Russische Wissenschaftler haben 40 Mutationen in einem Coronavirus identifiziert, das sich seit 318 Tagen im Körper eines Patienten mit Lymphom befindet. Aufgrund des Tumors war das Immunsystem der Frau geschwächt und nur T-Lymphozyten funktionierten normal, sodass 12 der entdeckten Mutationen dem Virus halfen, die T-Zell-Immunantwort zu umgehen. Ein Vorabdruck des Artikels wird auf der Preprint-Site des Research Square veröffentlicht.
Das ursprünglich aus China stammende Coronavirus (die sogenannte Wuhan-Variante) hat bei seiner weltweiten Verbreitung neue Mutationen erhalten. Wir haben im Artikel „Wir sind hierher gezogen“darüber gesprochen, wie er sich verändert hat. Das Coronavirus kann nicht nur in einer menschlichen Population mutieren, sondern auch in einer Person, wenn die Infektion lange genug anhält – zum Beispiel bei geschwächter Immunität. Einige dieser Mutationen zielen darauf ab, die Zellpenetration zu vereinfachen, Antikörper zu entweichen oder die Erkennung von Immunität durch Zellen zu verringern, was die Wirksamkeit von Impfstoffen weiter beeinträchtigen und den Verlauf von Covid erschweren kann.
Russische Wissenschaftler um Georgii Bazykin vom Skolkovo Institute of Science and Technology und dem nach Kharkevich benannten Institut für Informationsübertragungsprobleme beschrieben einen Fall der Entwicklung mehrerer Mutationen des Coronavirus bei einer Frau, die an einem Non-Hodgkin-B-Zell-Lymphom leidet, a bösartige Erkrankung des Lymphsystems.

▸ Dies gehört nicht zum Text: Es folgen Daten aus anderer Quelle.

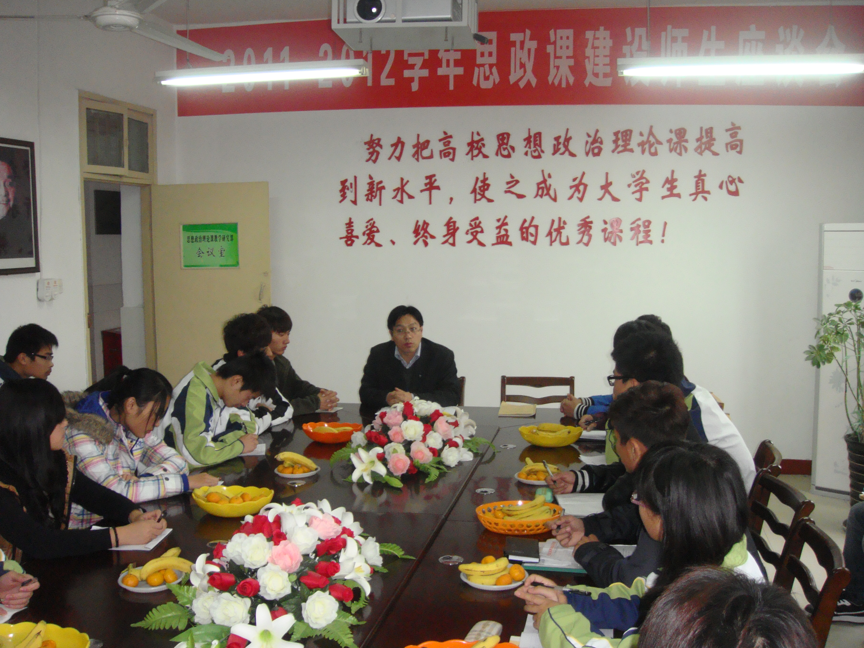 为了解思政课教学中存在的问题,进一步提高思政课的课堂效果和思政教育的实效性,2011年11月8日下午16:00,在思政部会议室召开了思想政治理论课建设师生座谈会。

Am 17.04.2020 wurde bei ihr eine Infektion mit dem Coronavirus diagnostiziert. Positive Tests auf Coronavirus wechselten sich 318 Tage lang mit negativen ab, während dieser Zeit entwickelte sie zweimal eine Lungenentzündung - im Sommer 2020 und im Winter 2021. Während dieser Zeit unterzog sich der Patient mehreren Chemotherapiezyklen. Der Frau wurden sechs Nasen-Rachen-Abstriche entnommen (im August 2020 und Januar 2021) und eine vollständige Genomsequenzierung des Coronavirus durchgeführt. Die Sequenzierung wurde auch an einer Person durchgeführt, bei der sich der Patient mit Covid infiziert hatte.
Insgesamt erwarb das Virus des Patienten 40 Mutationen, von denen 34 am Ende der Beobachtungen auftraten. Dies entspricht einer Mutationsrate von 15,3 × 10-4 pro Nukleotid und Jahr, was höher ist als die Mutationsrate in der Allgemeinbevölkerung. Von den 40 Mutationen störten 12 die Erkennung und Neutralisierung des Coronavirus durch T-Zellen.

Mutationen eines Coronavirus, die von einem Patienten isoliert wurden
Um die Immunantwort des Patienten zu beurteilen, wurde ein Bluttest durchgeführt. Im Plasma wurden keine reifen B-Lymphozyten und eine geringe Menge an IgG-Antikörpern gefunden, jedoch nur in einer der Proben. Gleichzeitig beobachteten Wissenschaftler eine starke T-Zell-Reaktion auf das Coronavirus. Die Forscher spekulieren, dass das Coronavirus bei einer Frau mit Lymphom gezielt mutiert war, um die T-Zell-Immunität zu umgehen, da andere Immuntypen durch Krebs des Lymphsystems geschwächt waren.
Wissenschaftler konzentrieren sich normalerweise mehr auf Mutationen, die es dem Coronavirus ermöglichen, Antikörpern zu entkommen, aber dieser Fall unterstreicht die Bedeutung von Veränderungen im Genom des Virus, die es ihm ermöglichen, aus T-Zellen zu entkommen.
Ende Juni wurde in Russland der erste Infektionsfall mit einem mutierten indischen Coronavirus-Stamm, Delta-Plus, festgestellt. Die neue Variante unterscheidet sich von der üblichen Delta-Variante durch die S-Protein-Mutation, die bei dem als recht gefährlich geltenden südafrikanischen Stamm auftrat.